A fonte física desse atraso é quase sempre a mesma: ferramentas aparafusadas, calçadas ou fixadas diretamente na torre ou no cabeçote móvel, sem superfície de referência repetível. Cada remoção força uma nova medição completa. Existem duas categorias de hardware especificamente para remover essa etapa: hastes de ferramentas modulares que separam a cabeça de corte da interface de montagem, e sistemas de localização cônicos que permite que um acessório ou bloco de ferramenta inteiro seja retirado e reinstalado dentro de alguns mícrons de sua posição anterior.
A ideia central por trás de um série de haste de ferramenta de troca rápida é simples: a pastilha de corte fica em uma pequena unidade principal, e essa unidade principal é localizada em uma haste de base fixa por meio de um acoplamento serrilhado ou em cauda de andorinha, preso com um único parafuso de fixação ou alavanca. A haste da base nunca sai do compartimento da torre.

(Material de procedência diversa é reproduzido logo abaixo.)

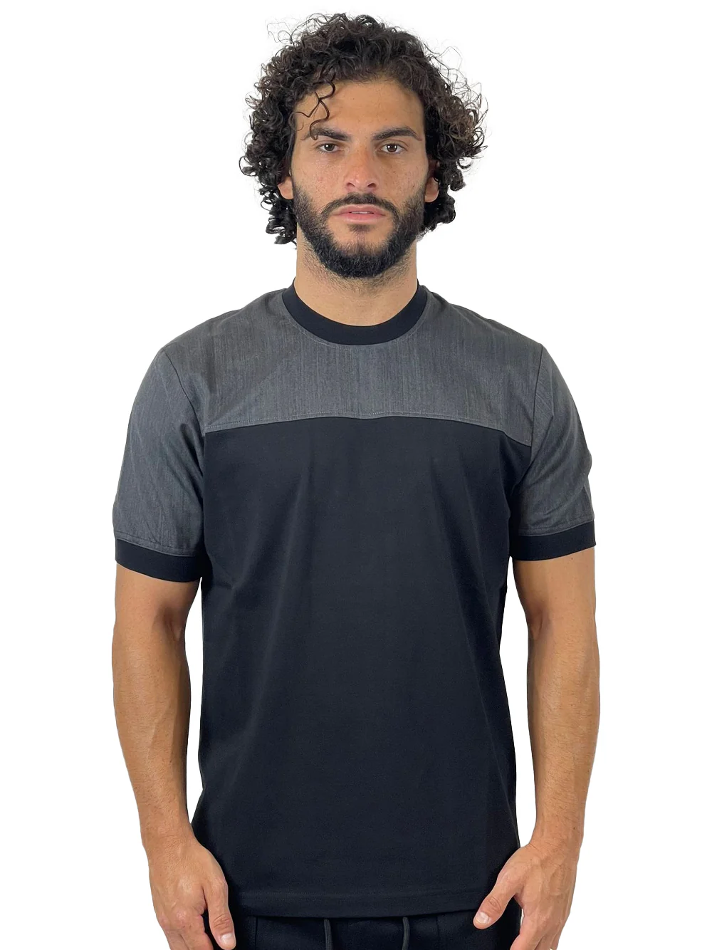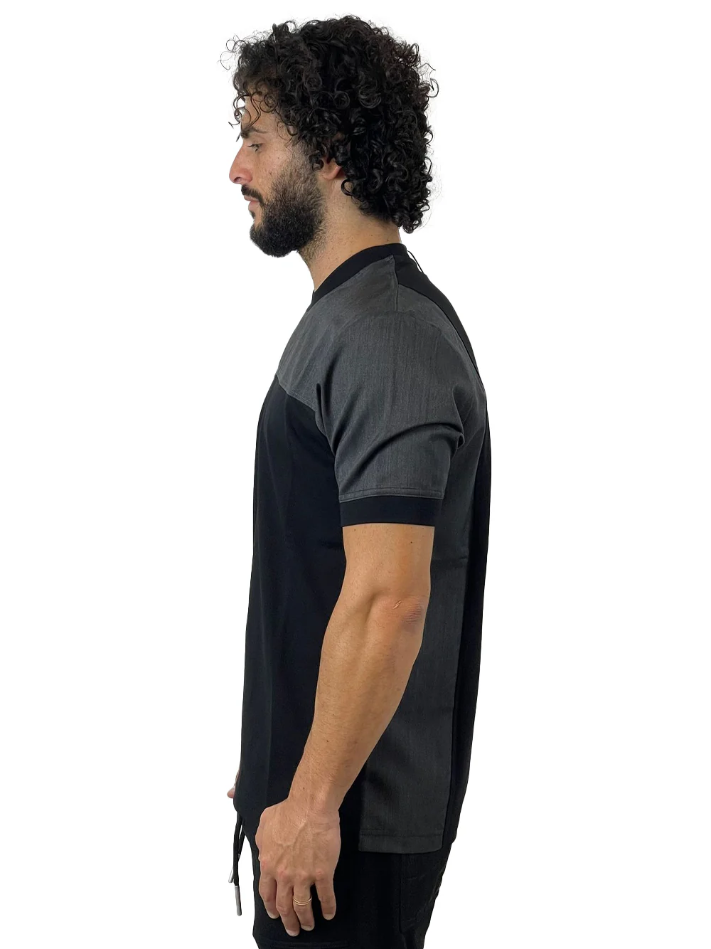 T-shirt manica corta con riporti in lana antracite. Girocollo.

Somente o conjunto do cabeçote se move.
Isto é importante por três razões práticas. Primeiro, a altura da ferramenta e os deslocamentos da linha central são definidos uma vez na haste base e mantidos em cada troca de cabeçote, porque a geometria do acoplamento se repete com uma tolerância restrita, em vez de depender da força com que o operador aperta um parafuso de montagem. Em segundo lugar, uma troca de pastilha não exige mais a retirada de todo o suporte da torre, portanto não há nada para re-clock ou re-quadramento. Terceiro, os itens de desgaste e as geometrias especiais podem ser pré-configurados em uma bancada, fora da máquina, enquanto o torno continua executando um trabalho diferente.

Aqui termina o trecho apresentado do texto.